By December 31, 2008Economy, Taxation

From Der Spiegel, reporting on German Chancellor Angela Merkel’s official address for the New Year:

Chancellor Angela Merkel signalled on Wednesday that she may have dropped her opposition to cutting taxes ahead of a meeting on Monday to discuss a fresh economic stimulus package.


She gave a vague pledge to cut taxes in her New Year address due to be broadcast on TV later on Wednesday, saying: “Wherever it is justifiable with a view to the next generation, we will ease the burden on all who pay taxes and contributions.”


The remark suggests that she is prepared to make concessions to the Christian Social Union, the Bavarian sister party to her conservative Christian Democrats.
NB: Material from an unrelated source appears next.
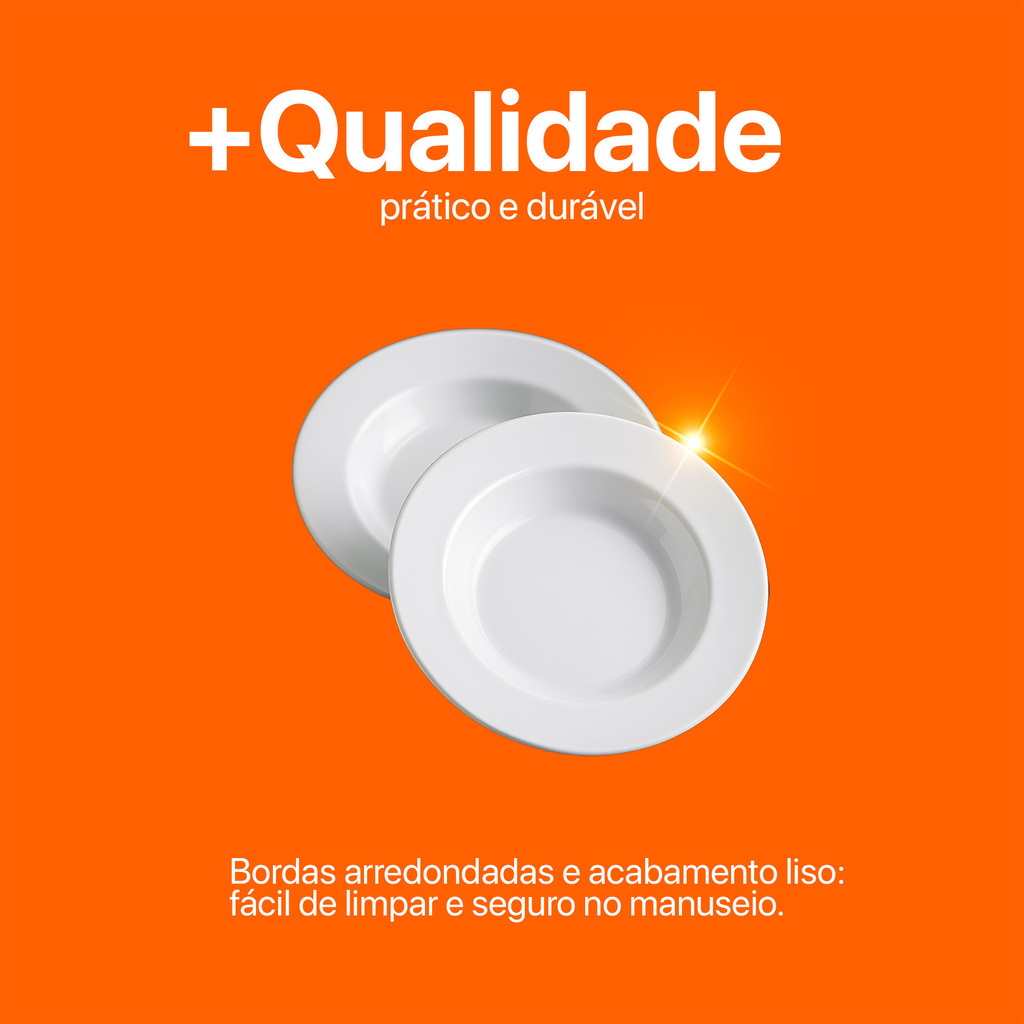Apresentamos o Kit com 12 Pratos Fundos em Melamina Branca de 23 cm, a escolha ideal para quem busca durabilidade, leveza e beleza na hora das refeições.

The CSU has been calling for tax cuts to help avert recession.

Also, from Singapore, “Prime Minister Lee Hsien Loong’s New Year’s Day Message“:

8. Apart from these two measures, we also lowered corporate taxes in 2008. New enterprises and smaller companies enjoy further tax exemptions, which mean that many pay little or no taxes. For households, the 2008 Budget package included Growth Dividends, U-SAVE, S&CC and Rental Rebates, and top-ups to Post-Secondary Education Accounts. These schemes are helping Singaporeans, particularly lower income families, to tide over the difficult period.

From an editorial, Investor’s Business Daily, “Memo To Obama: Cut Taxes For All“:

If Obama is serious about getting the economy going again, he could do a number of things — and right away, not years from now, as with the $675 billion to $775 billion he plans to spend on infrastructure and imaginary “green jobs.” These steps would include:

• Cutting corporate tax rates. U.S. businesses pay a top rate of 35% on income. That rises to 40% when you add in state taxes. In Europe, the average corporate tax in 2007 was 24.2%, according to the international consultancy KPMG.

Is it any wonder some of our most successful corporations move offshore? Cutting corporate taxes even to 25% would improve investment returns — and lead to more jobs and output.

Want to spur investment? Cut capital gains rates, too.